Se ha escrito mucho estos días sobre el maestro transalpino, destacando sobre todo su proteica producción como autor de bandas sonoras, con más de 500 partituras en su haber. Y no hay duda de que la historia del cine hubiera sido diferente sin la huella de Ennio Morricone. Pero poco se ha dicho de sus escarceos con otros géneros musicales y, sobre todo, de su inmensa influencia en la producción discográfica de toda una época: desde los años 60 hasta nuestros días, de la vanguardia experimental a la chanson francesa, pasando por el cool jazz o el samba, sin olvidarnos de nuestros queridos Blur.

«Él es El Padrino, simplemente no se puede hacer nada mejor”, declaró en su día Albarn a la BBC en referencia a la música de la épica historia de gánsteres Érase una vez en América (1984). El cantante inglés nunca ha ocultado la deuda con los hallazgos sonoros de El bueno, el feo y el malo (1966) que se percibe en la pieza Clint Eastwood de su banda paralela Gorillaz.

Incluso la estrofa «I got sunshine in a bag» es una frase extraída directamente de los diálogos del filme de Sergio Leone, cuando se refiere de esa forma a una bolsa de oro el personaje de Rubio: icono eterno del espagueti western interpretado por Eastwood que quedará para la posteridad con su poncho raído, mirada escrutadora, falta de escrúpulos y rapidez con el gatillo.

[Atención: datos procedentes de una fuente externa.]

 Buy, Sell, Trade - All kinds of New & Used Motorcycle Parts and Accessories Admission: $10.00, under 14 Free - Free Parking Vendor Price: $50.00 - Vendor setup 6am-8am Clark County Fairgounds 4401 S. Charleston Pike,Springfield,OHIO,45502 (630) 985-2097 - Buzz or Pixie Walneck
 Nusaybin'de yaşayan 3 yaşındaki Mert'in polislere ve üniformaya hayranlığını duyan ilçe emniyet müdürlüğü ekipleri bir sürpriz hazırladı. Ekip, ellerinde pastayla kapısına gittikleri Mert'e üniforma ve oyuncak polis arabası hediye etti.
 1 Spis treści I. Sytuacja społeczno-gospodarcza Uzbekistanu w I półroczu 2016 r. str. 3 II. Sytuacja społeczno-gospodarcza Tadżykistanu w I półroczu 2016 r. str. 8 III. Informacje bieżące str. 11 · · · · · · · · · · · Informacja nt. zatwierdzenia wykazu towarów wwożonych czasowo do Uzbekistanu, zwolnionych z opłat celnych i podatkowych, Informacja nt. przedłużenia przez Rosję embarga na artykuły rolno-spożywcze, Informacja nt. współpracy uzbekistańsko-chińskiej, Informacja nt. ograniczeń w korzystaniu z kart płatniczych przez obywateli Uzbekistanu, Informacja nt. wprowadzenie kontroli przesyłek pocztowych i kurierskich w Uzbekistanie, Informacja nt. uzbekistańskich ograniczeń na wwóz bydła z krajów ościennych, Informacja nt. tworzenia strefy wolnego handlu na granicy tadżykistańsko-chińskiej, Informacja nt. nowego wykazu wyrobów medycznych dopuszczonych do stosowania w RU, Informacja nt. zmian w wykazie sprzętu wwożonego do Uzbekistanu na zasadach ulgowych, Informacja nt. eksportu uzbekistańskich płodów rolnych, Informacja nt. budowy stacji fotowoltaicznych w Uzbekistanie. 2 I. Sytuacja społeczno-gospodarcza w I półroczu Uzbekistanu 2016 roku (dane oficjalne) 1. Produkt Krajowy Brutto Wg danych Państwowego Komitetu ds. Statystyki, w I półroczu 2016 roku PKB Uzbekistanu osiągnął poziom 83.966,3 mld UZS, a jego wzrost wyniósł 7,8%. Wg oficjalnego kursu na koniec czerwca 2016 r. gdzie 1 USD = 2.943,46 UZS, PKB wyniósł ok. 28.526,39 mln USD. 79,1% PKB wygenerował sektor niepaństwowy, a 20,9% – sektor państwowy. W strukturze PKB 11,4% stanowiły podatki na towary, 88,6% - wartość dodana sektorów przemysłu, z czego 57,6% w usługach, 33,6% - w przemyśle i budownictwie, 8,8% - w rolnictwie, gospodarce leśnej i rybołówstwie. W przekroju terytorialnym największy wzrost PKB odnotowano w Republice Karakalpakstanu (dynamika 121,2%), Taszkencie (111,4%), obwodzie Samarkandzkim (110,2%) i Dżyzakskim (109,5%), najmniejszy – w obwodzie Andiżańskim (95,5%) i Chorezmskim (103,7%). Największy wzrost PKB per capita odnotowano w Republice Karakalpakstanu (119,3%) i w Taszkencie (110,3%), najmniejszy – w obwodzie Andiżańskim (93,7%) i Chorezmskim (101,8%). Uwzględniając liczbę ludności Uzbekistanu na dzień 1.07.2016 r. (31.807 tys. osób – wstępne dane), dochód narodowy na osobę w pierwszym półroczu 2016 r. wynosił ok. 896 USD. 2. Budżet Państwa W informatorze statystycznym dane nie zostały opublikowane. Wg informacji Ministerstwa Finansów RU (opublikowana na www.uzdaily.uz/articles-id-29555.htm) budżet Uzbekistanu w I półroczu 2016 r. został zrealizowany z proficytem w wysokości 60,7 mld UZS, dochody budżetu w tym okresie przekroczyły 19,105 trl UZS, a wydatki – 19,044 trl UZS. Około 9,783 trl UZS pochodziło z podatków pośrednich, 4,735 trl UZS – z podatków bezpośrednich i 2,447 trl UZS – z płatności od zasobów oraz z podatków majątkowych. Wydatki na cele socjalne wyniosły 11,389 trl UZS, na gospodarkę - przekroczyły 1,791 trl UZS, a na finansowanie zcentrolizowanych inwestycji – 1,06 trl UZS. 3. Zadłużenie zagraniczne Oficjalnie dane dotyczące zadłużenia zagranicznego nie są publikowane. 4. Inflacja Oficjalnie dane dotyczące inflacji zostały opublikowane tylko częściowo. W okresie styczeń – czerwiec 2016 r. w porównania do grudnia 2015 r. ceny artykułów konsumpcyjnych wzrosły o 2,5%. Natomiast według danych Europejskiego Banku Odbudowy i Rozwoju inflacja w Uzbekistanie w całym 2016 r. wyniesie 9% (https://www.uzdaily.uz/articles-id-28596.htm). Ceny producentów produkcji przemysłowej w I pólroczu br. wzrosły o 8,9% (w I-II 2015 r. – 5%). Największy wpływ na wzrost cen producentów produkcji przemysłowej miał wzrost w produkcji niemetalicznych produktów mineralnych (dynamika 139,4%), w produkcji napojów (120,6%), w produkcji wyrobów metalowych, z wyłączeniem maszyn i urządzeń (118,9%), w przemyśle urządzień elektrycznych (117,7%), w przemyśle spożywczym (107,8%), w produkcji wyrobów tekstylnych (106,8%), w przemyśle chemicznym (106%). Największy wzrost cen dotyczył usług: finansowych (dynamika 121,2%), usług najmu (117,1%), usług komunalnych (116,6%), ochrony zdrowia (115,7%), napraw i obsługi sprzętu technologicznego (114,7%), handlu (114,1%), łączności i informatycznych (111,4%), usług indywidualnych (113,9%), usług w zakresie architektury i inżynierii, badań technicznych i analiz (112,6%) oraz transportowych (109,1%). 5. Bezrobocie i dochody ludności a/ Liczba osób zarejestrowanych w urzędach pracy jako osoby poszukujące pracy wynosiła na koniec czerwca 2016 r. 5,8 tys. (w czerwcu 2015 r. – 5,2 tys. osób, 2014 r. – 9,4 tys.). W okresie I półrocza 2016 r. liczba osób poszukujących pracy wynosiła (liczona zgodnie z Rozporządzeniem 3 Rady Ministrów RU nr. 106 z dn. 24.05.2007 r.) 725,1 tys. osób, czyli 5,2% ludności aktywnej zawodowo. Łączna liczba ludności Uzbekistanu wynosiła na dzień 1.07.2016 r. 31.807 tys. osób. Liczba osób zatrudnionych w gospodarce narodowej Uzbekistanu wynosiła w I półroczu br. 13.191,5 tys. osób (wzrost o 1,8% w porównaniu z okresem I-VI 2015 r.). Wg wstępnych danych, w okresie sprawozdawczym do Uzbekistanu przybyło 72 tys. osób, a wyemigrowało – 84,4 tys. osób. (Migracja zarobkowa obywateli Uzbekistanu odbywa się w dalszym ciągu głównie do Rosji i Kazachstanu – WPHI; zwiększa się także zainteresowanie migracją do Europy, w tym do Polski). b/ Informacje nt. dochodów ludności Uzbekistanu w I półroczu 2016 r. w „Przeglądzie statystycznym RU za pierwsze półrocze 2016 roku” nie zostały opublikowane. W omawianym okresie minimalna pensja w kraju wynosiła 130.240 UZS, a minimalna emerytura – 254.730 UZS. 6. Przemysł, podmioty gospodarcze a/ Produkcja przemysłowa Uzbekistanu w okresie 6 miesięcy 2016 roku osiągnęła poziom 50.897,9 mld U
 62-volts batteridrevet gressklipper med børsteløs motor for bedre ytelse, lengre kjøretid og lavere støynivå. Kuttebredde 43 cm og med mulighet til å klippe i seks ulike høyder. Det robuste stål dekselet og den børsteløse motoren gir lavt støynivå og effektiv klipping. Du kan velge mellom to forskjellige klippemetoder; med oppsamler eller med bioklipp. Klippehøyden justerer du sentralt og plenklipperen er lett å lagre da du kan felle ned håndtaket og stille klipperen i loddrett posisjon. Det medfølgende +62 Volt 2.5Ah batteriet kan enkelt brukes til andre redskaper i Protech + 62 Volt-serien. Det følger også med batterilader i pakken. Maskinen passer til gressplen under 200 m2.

Yo he crecido viendo una y otra vez la llamada Trilogía del Dólar en sesión continua en desaparecidos cines de barrio madrileños como el Fundadores, el Becerra, el Voz o el Marvi. Por un puñado de dólares (1964), La muerte tenía un precio (1965) o la citada El bueno, el feo y el malo (1966) son magníficos subproductos de serie B que sentaron las bases de un género y de una nueva forma percutante de escribir los scores del salvaje oeste, que incluía el uso constante del arpa de boca y la armónica para las secuencias de presentación de los personajes, la guitarra española y las castañuelas para las escenas de los duelos, así como solos de trompeta, silbidos, golpes de látigo, instrumentos inusuales e inquietantes efectos de sonido.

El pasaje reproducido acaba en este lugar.